-- EXERCISE --
Return nothing but the lines from the one with "Aranjam intr-un bol" through the one with "The inference from" in the data below, word for word and without pictures.

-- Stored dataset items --

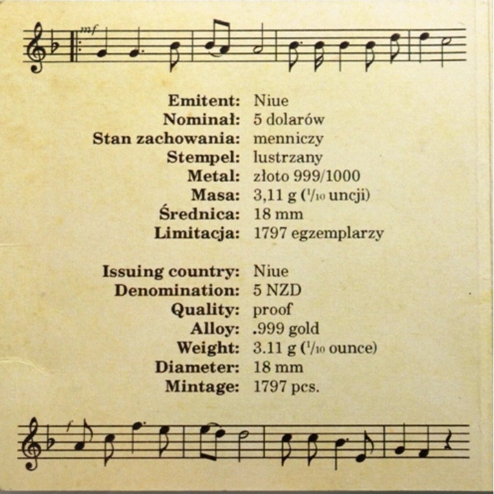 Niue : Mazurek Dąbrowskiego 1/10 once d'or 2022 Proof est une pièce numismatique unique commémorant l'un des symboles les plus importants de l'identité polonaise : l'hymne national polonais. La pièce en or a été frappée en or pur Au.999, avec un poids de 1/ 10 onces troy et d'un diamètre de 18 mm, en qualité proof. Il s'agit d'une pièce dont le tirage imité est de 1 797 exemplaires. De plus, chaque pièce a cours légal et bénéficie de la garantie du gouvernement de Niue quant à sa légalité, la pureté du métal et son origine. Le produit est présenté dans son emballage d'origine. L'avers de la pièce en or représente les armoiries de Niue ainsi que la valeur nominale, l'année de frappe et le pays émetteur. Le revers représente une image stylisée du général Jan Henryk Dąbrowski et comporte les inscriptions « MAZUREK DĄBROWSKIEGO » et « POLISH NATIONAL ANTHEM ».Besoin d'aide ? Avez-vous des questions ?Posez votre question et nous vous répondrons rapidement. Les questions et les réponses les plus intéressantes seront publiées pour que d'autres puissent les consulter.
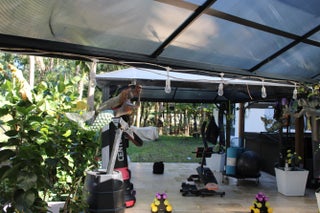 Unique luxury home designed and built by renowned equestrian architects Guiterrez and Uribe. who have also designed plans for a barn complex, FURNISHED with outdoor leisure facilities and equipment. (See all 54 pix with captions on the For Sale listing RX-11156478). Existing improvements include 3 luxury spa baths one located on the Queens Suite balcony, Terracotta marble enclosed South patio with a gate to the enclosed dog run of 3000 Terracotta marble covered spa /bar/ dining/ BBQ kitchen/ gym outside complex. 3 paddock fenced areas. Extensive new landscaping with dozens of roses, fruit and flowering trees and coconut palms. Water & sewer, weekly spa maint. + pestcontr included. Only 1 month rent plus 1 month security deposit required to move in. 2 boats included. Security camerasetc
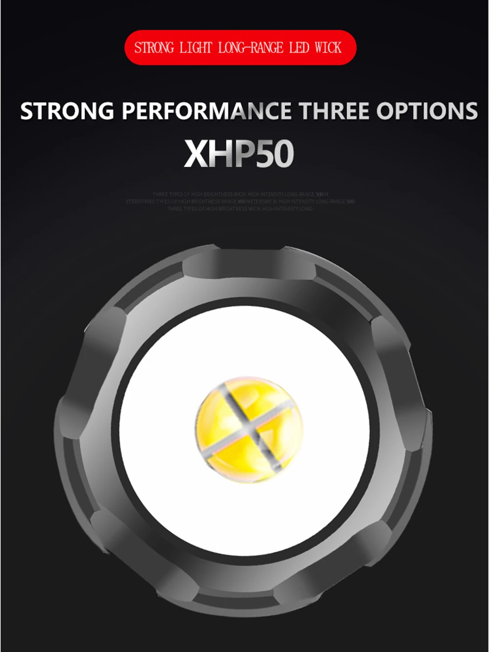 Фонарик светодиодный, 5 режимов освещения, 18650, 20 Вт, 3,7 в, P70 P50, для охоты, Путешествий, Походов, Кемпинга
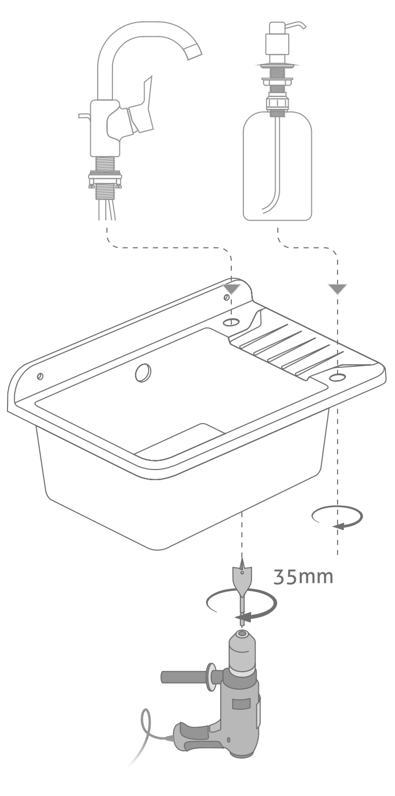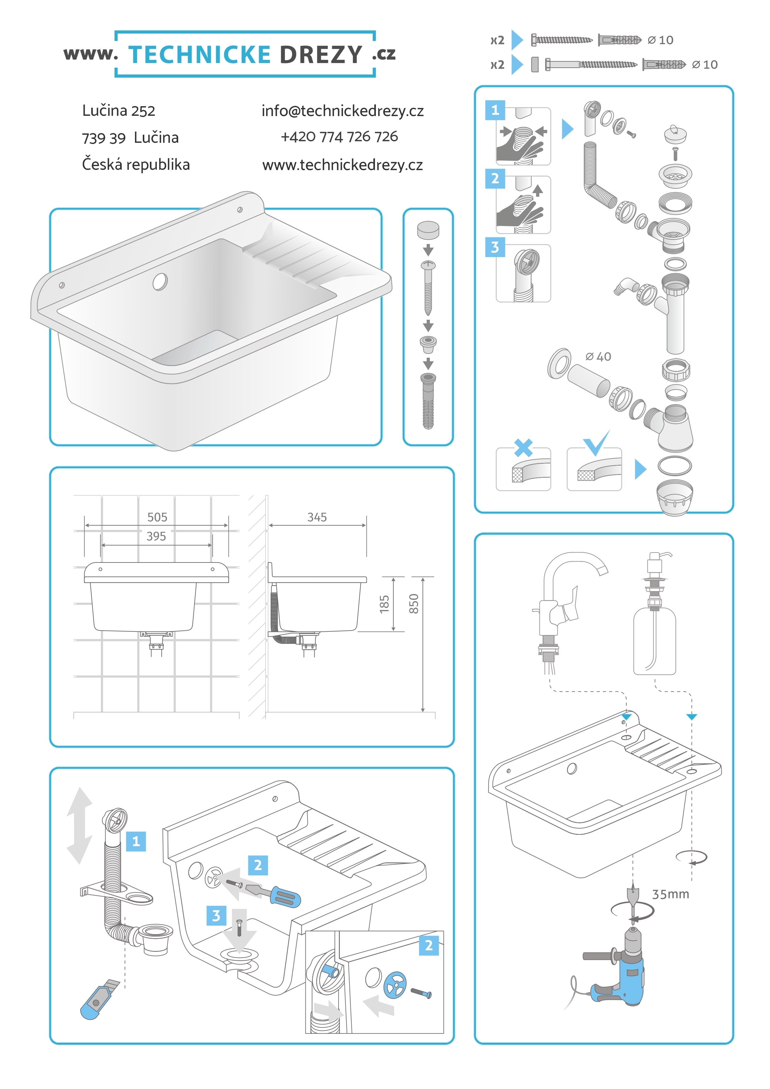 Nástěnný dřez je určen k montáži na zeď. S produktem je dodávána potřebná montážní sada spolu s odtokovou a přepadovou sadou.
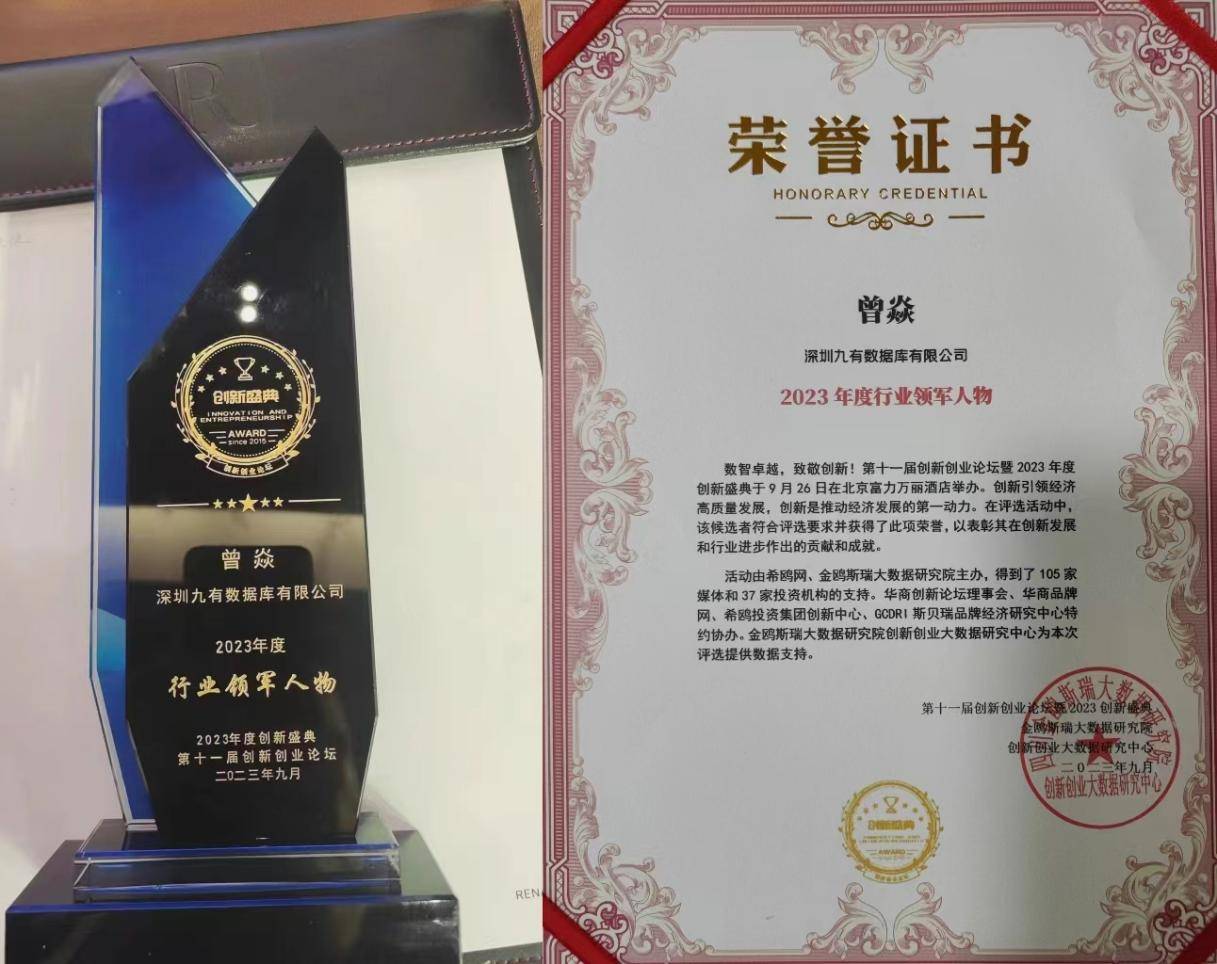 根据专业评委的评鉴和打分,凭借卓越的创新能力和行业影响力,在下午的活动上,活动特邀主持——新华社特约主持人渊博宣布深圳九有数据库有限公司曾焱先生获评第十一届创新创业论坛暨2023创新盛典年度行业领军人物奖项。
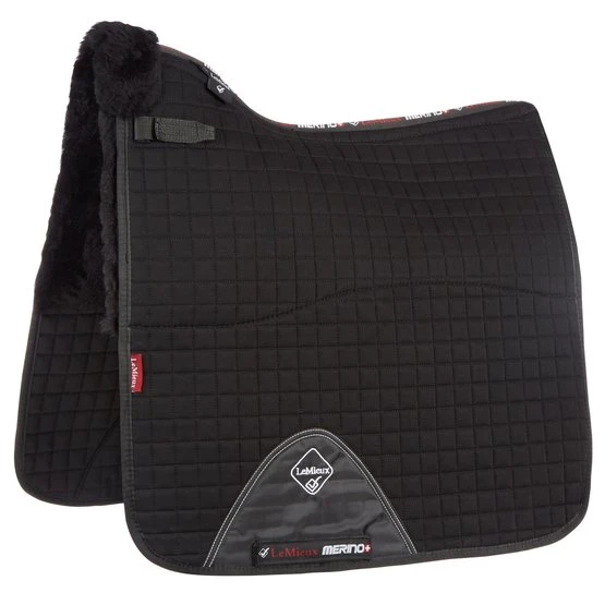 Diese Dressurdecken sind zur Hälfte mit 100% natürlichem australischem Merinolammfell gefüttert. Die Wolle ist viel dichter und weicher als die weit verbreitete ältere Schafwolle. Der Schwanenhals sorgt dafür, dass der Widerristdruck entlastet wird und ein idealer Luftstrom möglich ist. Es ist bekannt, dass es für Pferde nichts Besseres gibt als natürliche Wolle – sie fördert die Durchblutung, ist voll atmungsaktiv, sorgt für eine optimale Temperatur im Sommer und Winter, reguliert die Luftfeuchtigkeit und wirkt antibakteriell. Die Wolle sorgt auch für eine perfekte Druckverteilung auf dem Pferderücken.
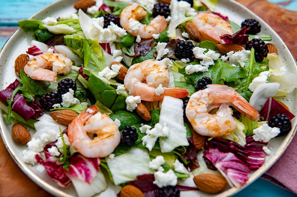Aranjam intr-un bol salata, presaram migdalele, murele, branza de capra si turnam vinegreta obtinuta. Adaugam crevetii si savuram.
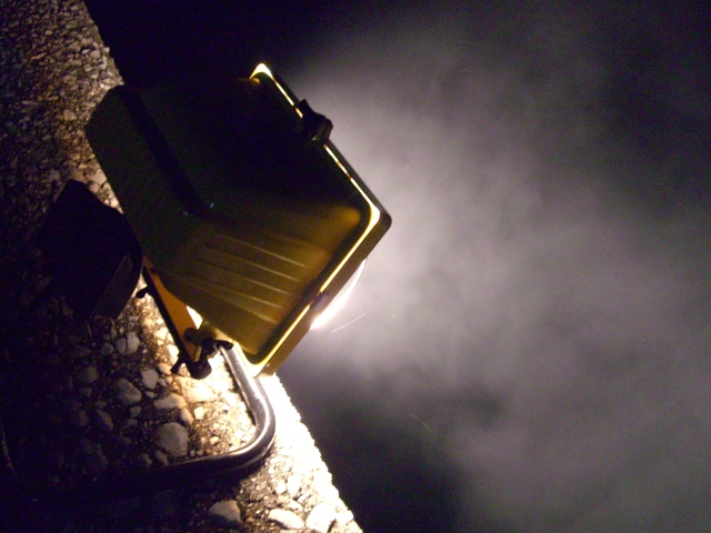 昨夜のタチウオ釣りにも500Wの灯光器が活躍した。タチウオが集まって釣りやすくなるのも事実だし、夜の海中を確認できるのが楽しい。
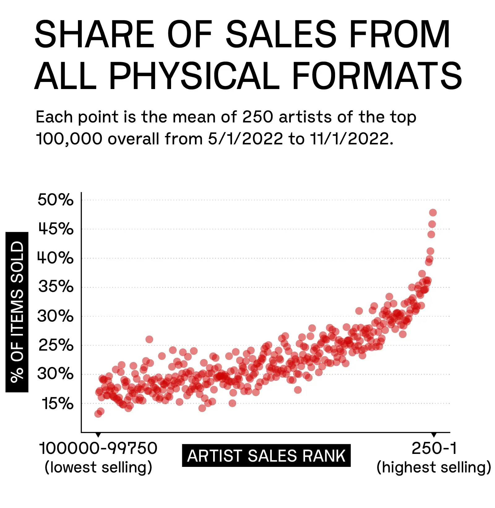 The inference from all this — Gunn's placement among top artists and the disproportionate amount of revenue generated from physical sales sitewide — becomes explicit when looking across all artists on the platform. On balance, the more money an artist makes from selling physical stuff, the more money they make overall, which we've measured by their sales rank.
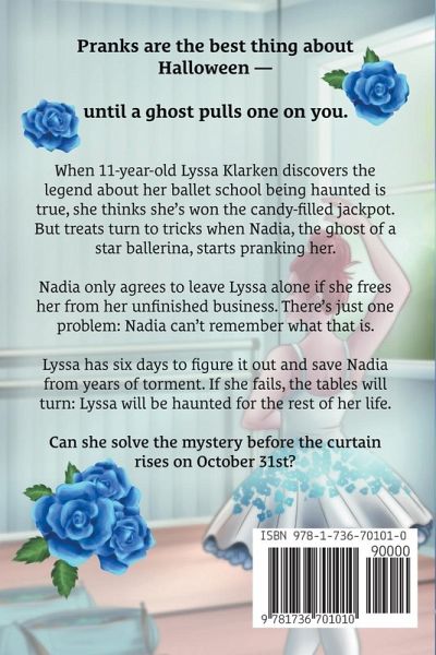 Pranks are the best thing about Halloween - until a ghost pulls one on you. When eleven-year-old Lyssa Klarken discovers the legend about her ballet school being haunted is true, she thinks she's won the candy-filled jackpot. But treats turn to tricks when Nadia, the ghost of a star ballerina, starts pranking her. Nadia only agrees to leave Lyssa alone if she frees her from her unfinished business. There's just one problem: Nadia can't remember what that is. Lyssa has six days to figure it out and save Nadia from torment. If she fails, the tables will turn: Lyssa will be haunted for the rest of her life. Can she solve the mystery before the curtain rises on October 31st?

-- RESPONSE --
Aranjam intr-un bol salata, presaram migdalele, murele, branza de capra si turnam vinegreta obtinuta. Adaugam crevetii si savuram.
 昨夜のタチウオ釣りにも500Wの灯光器が活躍した。タチウオが集まって釣りやすくなるのも事実だし、夜の海中を確認できるのが楽しい。
 The inference from all this — Gunn's placement among top artists and the disproportionate amount of revenue generated from physical sales sitewide — becomes explicit when looking across all artists on the platform. On balance, the more money an artist makes from selling physical stuff, the more money they make overall, which we've measured by their sales rank.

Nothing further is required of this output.